Starting at the line with "Figure 5: The" and stopping at the final line, retype the data below exactly; do not carry over any pictures.

§ Exercise data
+-------+

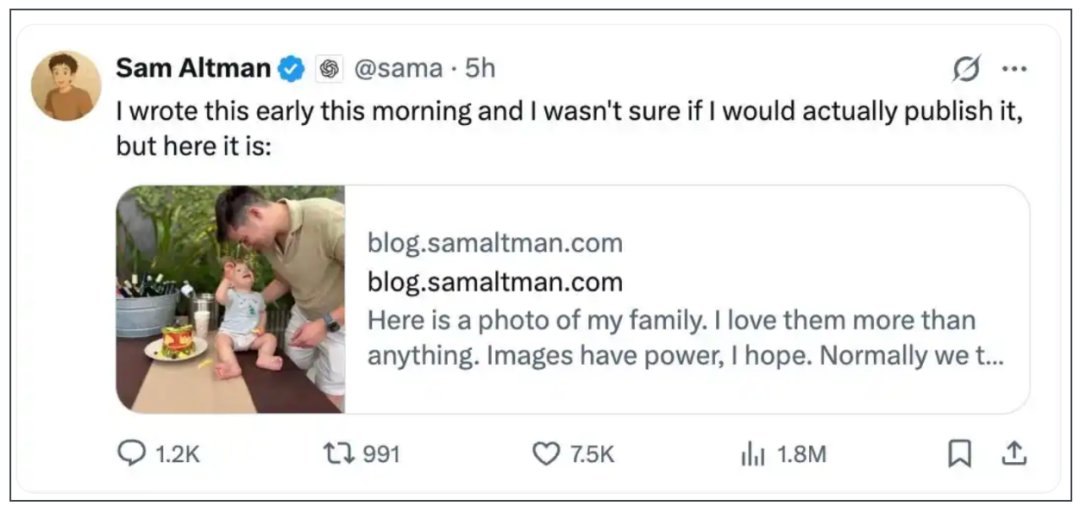 事后,奥特曼在其个人博客上发布了一张家人照片,写道,“ 我希望图片是有力量的…… 希望能打消下一个向我家扔燃烧瓶的念头,不管他们对我有什么看法。”
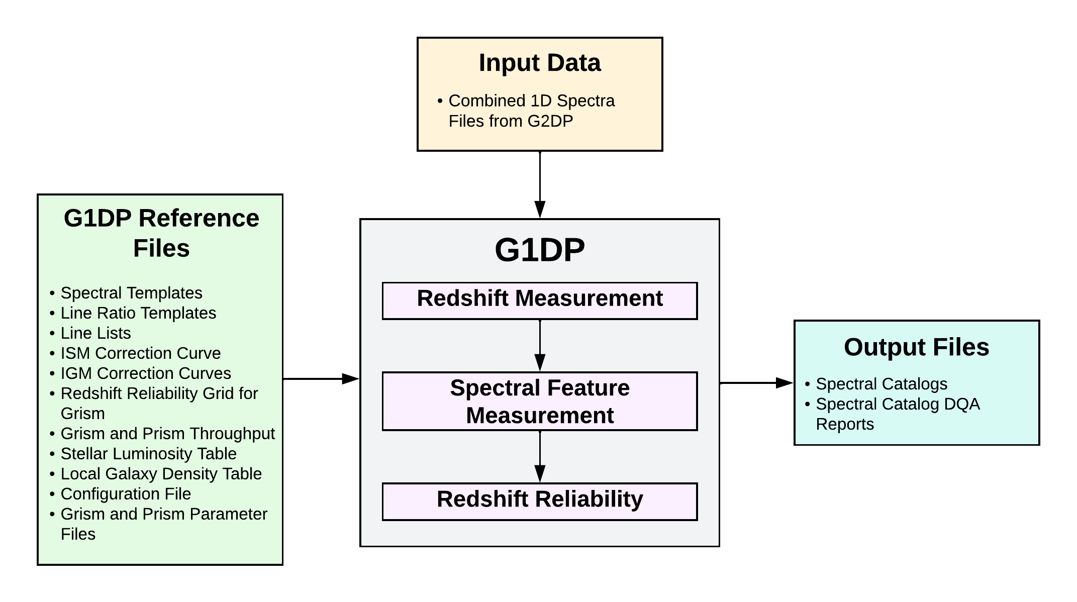 Figure 5: The G1DP consists of three primary components: Redshift Measurement, Spectral Feature Measurement and Redshift Reliability. The input data are the Combined 1D Spectra files from G2DP that contain the flux-calibrated 1D spectra with uncertainties and line-spread functions (among other results). All the G1DP Reference Files are listed in the figure above and are required for G1DP processing. The outputs are the Spectral Catalogs and the Spectral Catalog DQA Reports. The catalogs include results such as: the best redshift measurement with uncertainty, the redshift probability distribution function (zPDF), the best-fit spectral template, redshift reliability estimation, and detailed spectral line properties (e.g., wavelength, flux, equivalent width, velocity).
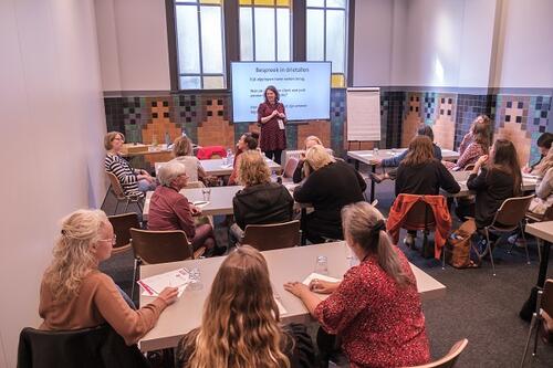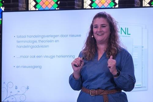 Na een korte pauze en een versnapering was het tijd voor de workshops. GZ-psycholoog Janine Breukelman legde uit hoe je met stereotiep en ook zelfbeschadigend gedrag bij mensen met een verstandelijke beperking en autisme omgaat. Aan de hand van een casus nam ze deelnemers mee in het gebruik van de ASS-wijzer en hoe je daarmee inspeelt op de sensorische informatieverwerking (SI).

+-------+

§ Written response
 Figure 5: The G1DP consists of three primary components: Redshift Measurement, Spectral Feature Measurement and Redshift Reliability. The input data are the Combined 1D Spectra files from G2DP that contain the flux-calibrated 1D spectra with uncertainties and line-spread functions (among other results). All the G1DP Reference Files are listed in the figure above and are required for G1DP processing. The outputs are the Spectral Catalogs and the Spectral Catalog DQA Reports. The catalogs include results such as: the best redshift measurement with uncertainty, the redshift probability distribution function (zPDF), the best-fit spectral template, redshift reliability estimation, and detailed spectral line properties (e.g., wavelength, flux, equivalent width, velocity).
 Na een korte pauze en een versnapering was het tijd voor de workshops. GZ-psycholoog Janine Breukelman legde uit hoe je met stereotiep en ook zelfbeschadigend gedrag bij mensen met een verstandelijke beperking en autisme omgaat. Aan de hand van een casus nam ze deelnemers mee in het gebruik van de ASS-wijzer en hoe je daarmee inspeelt op de sensorische informatieverwerking (SI).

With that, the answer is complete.